• Task to carry out
Your copy should repeat the data that follows exactly and contain no image.

• Available data
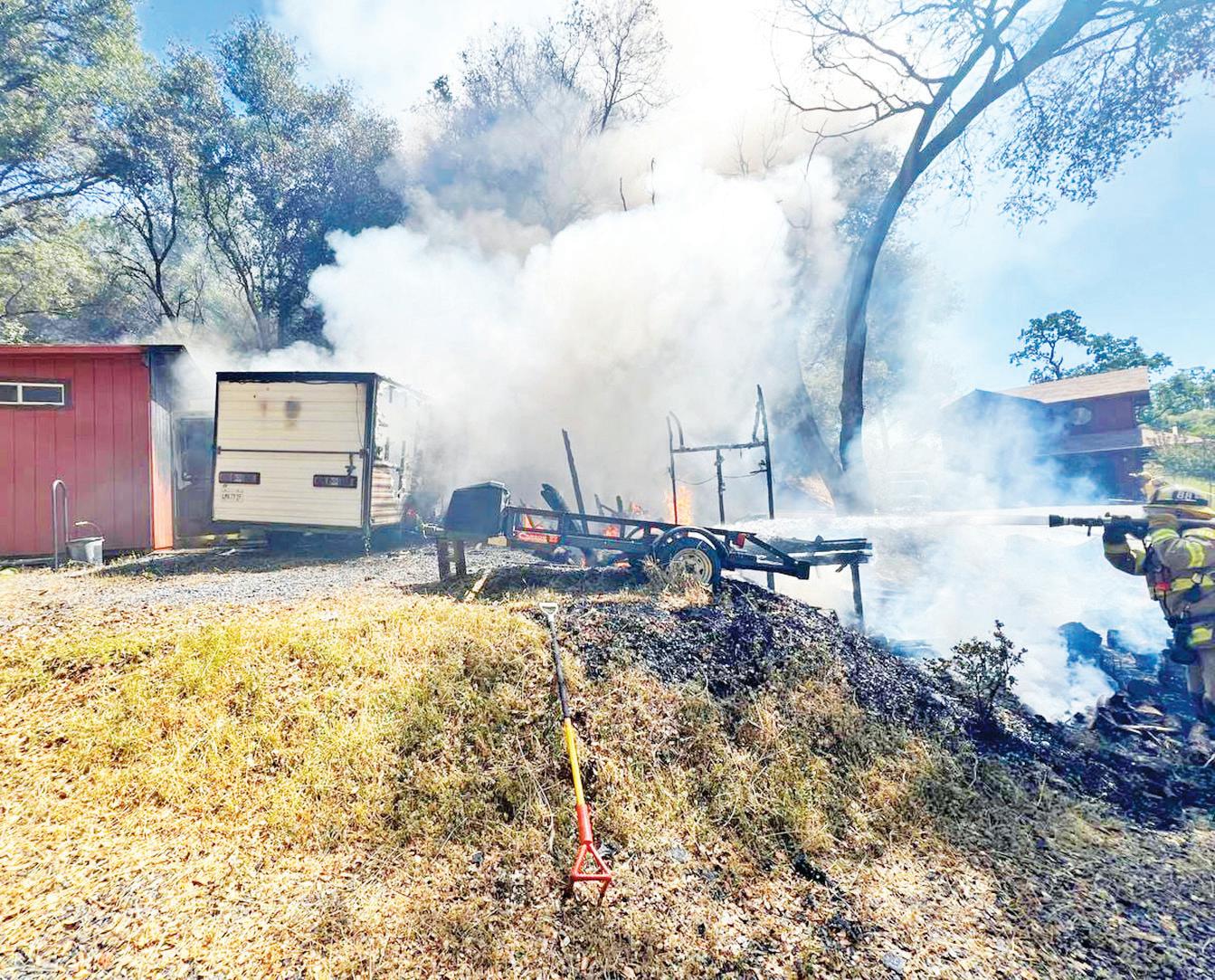 At 10:30 a.m. Friday, June 7, firefighters responded to an outbuilding and several vehicles on fire near a home off Mistywood Lane in Shingle Springs. EDCFPD Division 8101, Division 7705, Engine 28, Engine 25 and Medic 28 responded. Crews were assisted by Cal Fire Amador-El Dorado Unit Engine 2781, Engine 2782, and Cameron Park Engine 88 and Engine 89; Diamond Springs-El Dorado Fire Protection District Engine 349, El Dorado Hills Fire Department Engine 86, and Rescue Fire Department Engine 383. The cause of the fire is under investigation. No injuries were reported.
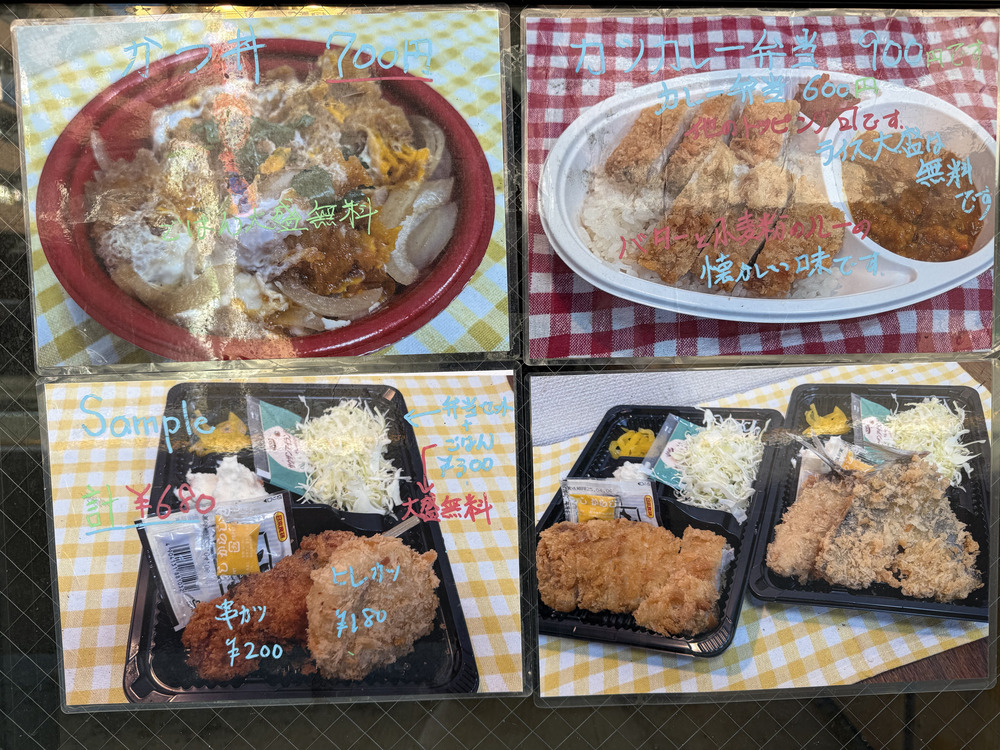 店内にはお弁当やカレー、丼物、揚げ物のメニューがありました。
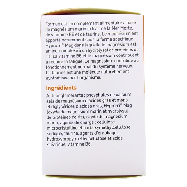 Dans sa gamme de compléments alimentaires, le laboratoire Pileje propose Formag. Ce complément alimentaire est spécialement formulé à partir d'un composé spécifique, l'Hyprori®mag, une association de fractions d'acides aminés et de magnésium d'eau de mer. Enrichi également en vitamine B6, le complément alimentaire Formag aide à réduire la fatigue. Les actifs agissent en synergie pour aider le complément alimentaire à favoriser la détente et à garantir l'activité normale du système nerveux. Grâce au magnésium, le complément alimentaire Formag favorise également une fonction musculaire normale.

• Your solution
 At 10:30 a.m. Friday, June 7, firefighters responded to an outbuilding and several vehicles on fire near a home off Mistywood Lane in Shingle Springs. EDCFPD Division 8101, Division 7705, Engine 28, Engine 25 and Medic 28 responded. Crews were assisted by Cal Fire Amador-El Dorado Unit Engine 2781, Engine 2782, and Cameron Park Engine 88 and Engine 89; Diamond Springs-El Dorado Fire Protection District Engine 349, El Dorado Hills Fire Department Engine 86, and Rescue Fire Department Engine 383. The cause of the fire is under investigation. No injuries were reported.
 店内にはお弁当やカレー、丼物、揚げ物のメニューがありました。
 Dans sa gamme de compléments alimentaires, le laboratoire Pileje propose Formag. Ce complément alimentaire est spécialement formulé à partir d'un composé spécifique, l'Hyprori®mag, une association de fractions d'acides aminés et de magnésium d'eau de mer. Enrichi également en vitamine B6, le complément alimentaire Formag aide à réduire la fatigue. Les actifs agissent en synergie pour aider le complément alimentaire à favoriser la détente et à garantir l'activité normale du système nerveux. Grâce au magnésium, le complément alimentaire Formag favorise également une fonction musculaire normale.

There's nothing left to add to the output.